Recruiting fellow yoga teachers in Britain to join a union is not easy for Hayley Johns, but for help, she has turned to an unlikely source: sex workers.
Despite facing criminalisation for working under the same roof and having to deal with strip club managers that rip up union fliers, sex workers have built a labour movement through working within communities and fighting individual cases.
Adopting a similar approach has been instrumental for Johns, who is organising yoga teachers within the Independent Workers Union of Great Britain (IWGB), and said they faced similar issues to sex workers, such as working alone and for different employers.
"Something that felt impossible to us now feels possible and would upturn our entire industry," Johns, who is based in southern England, told the Thomson Reuters Foundation.
As Britain's cost-of-living crisis unleashes a nationwide wave of pay strikes, yoga teachers are not the only group of precarious workers learning from the country's United Sex Workers (USW) union how to fight for greater rights and better working conditions.
Britain's first union branch to represent au pairs and live-in childcare workers, the Nanny Solidarity Network, was formed after reaching out to sex workers' organisations for advice in 2020.

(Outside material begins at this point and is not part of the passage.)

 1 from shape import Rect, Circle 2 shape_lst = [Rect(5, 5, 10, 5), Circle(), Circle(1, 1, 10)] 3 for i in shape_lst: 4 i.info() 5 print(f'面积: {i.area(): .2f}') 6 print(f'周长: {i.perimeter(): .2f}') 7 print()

Since its inception in 2017, the USW has twice won legal cases that granted strippers worker status and access to labour rights. The union hopes the court rulings will help set a precedent for similar cases in the future.
Such victories are a source of inspiration to Johns and thousands of gig workers in low-paid, casualised and precarious employment.

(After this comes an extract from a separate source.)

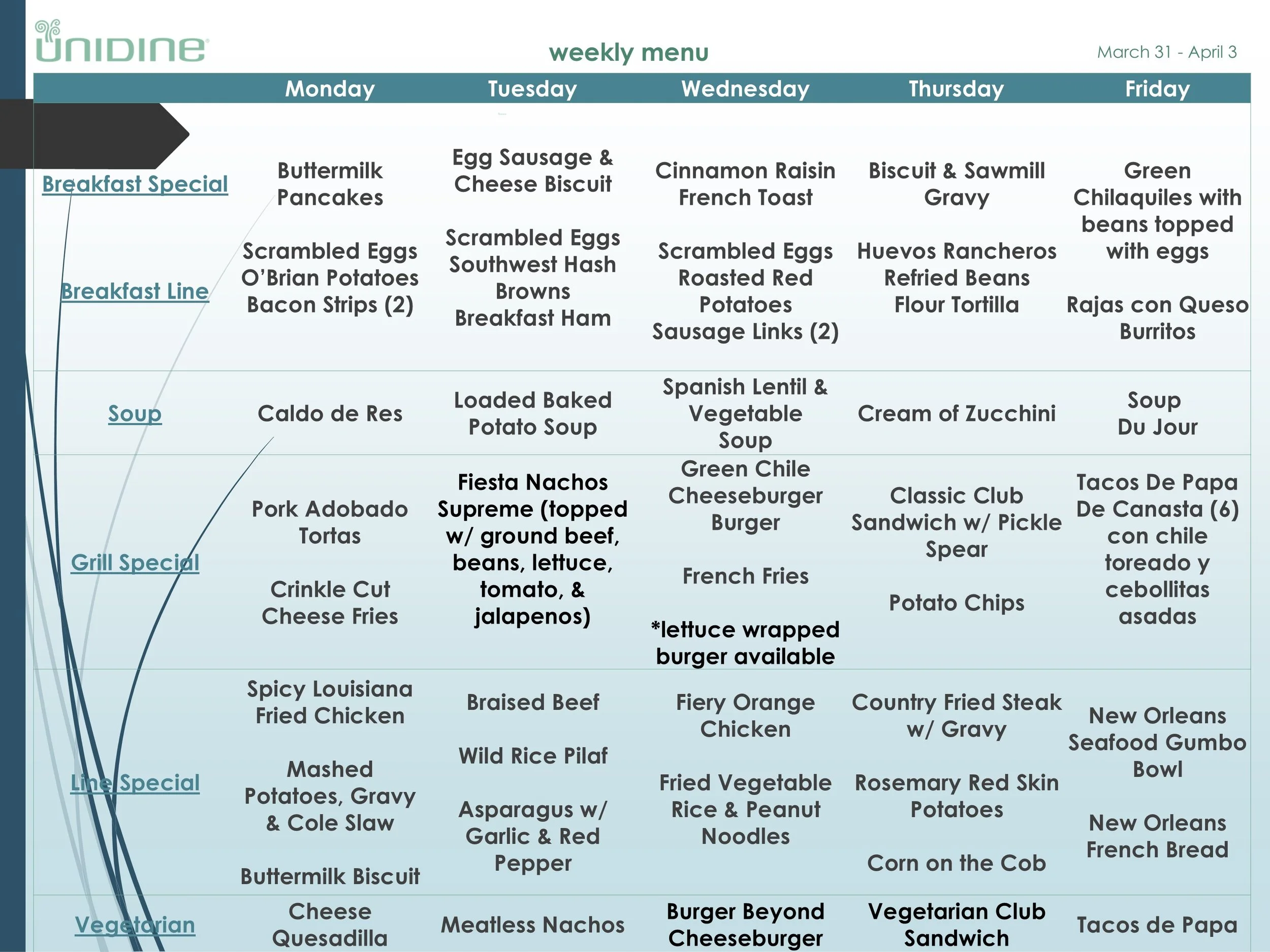 Sample Hospital Menus For Lunch Cafeteria At Lagrange Hospital De

"It's empowering seeing other wins and realising that you could change the conditions in your sector, particularly if that's possible with other groups of workers who face barriers to organising," said Miranda Hall, a spokesperson for the Nanny Solidarity Network.
Sex work is work
A push for gig workers' rights has seen an uptick in legal challenges to what unions call bogus self-employment - when a person is classed as self-employed, but operates as a full-time worker, or employee, without the corresponding rights.
Workers misclassified as self-employed lack rights such as the minimum wage, paid holidays, rest breaks and a cap on maximum weekly working hours.
"We're not actually self-employed at all because I don't set my rates, I don't set my hours," said Johns, adding that some teachers are told what and how to teach, and what to wear.
During the pandemic, many teachers were laid off and told their clientele belonged to the gym or studio, but if teachers were self-employed, they should have been able to keep their clients, she said.
"Getting people to shift their mindset that this is work is one of the biggest challenges," said Johns, who said legal victories by sex workers had legitimised yoga teachers' fight for the same demands.
The USW helped stripper Sonia Nowak secure worker status at an employment tribunal in 2020, a decision that could help strippers and workers in other sectors achieve the same status, said Sarah Keogh, an employment barrister who worked on the case.
"It's not just strippers that are required to conform to a set of quite prescriptive rules, and at the same time told 'you're an independent contractor, we're not going to give you any rights'," she said.
Union representatives said the successful cases could help them bargain for the rights of strippers working in the same clubs, as was the case with Uber drivers, who secured workers' rights for all of the ride-hailing app's 70,000 British drivers after two drivers won worker status in the Supreme Court in 2021.
"A win for one worker is a win for all workers," said Audrey Caradonna, a spokesperson for the USW.
"By aligning ourselves with the labour movement, we are situating ourselves as workers and using union tactics to access workers' rights and protections."
'No HR Department'
Working on individual cases, like Nowak's, to target specific employers is something the USW has had to rely on in the absence of being able to strike or take direct action against workplaces, said Caradonna.
The union also uses letters from lawyers, a tactic adopted by the Nanny Solidarity Network, whose members are also unable to unionise around a shared workplace, or use collective action.
"Nannies are isolated in how they work and their workplace is often in someone else's home," said Caradonna. "It's not like there's an HR department."
From getting advice on how to set up their initial pandemic hardship fund, the Nanny Solidarity Network spokesperson Hall said the organisation had learnt a lot from sex workers, particularly about how to organise outside of traditional union structures.
"We cannot use a lot of the traditional tools for asserting workers protection," said Hall.
Two-thirds of the Nanny Solidarity Network are migrant workers and those with insecure legal status are concerned about getting involved in legal cases and may not have access to lawyers, Hall said.
Sex workers use word of mouth, existing support groups and safety networks to reach out to isolated or criminalised workers, an approach that Hall said had been effective in organising nannies facing similar barriers and cut off from each other. For the USW's Caradonna, the next step is to establish a union specifically for reproductive workers - those carrying out labour traditionally considered domestic or women's work, such as cleaning, childcare or cooking.
"Workers who perform reproductive labour are often not included within the workers' rights movement because there is still that discussion around whether they are workers," said Caradonna.
"It would gain rights for workers that have historically been excluded from the movement," she added.
"It also makes a huge statement about what can be classed as work and who deserves workers' rights."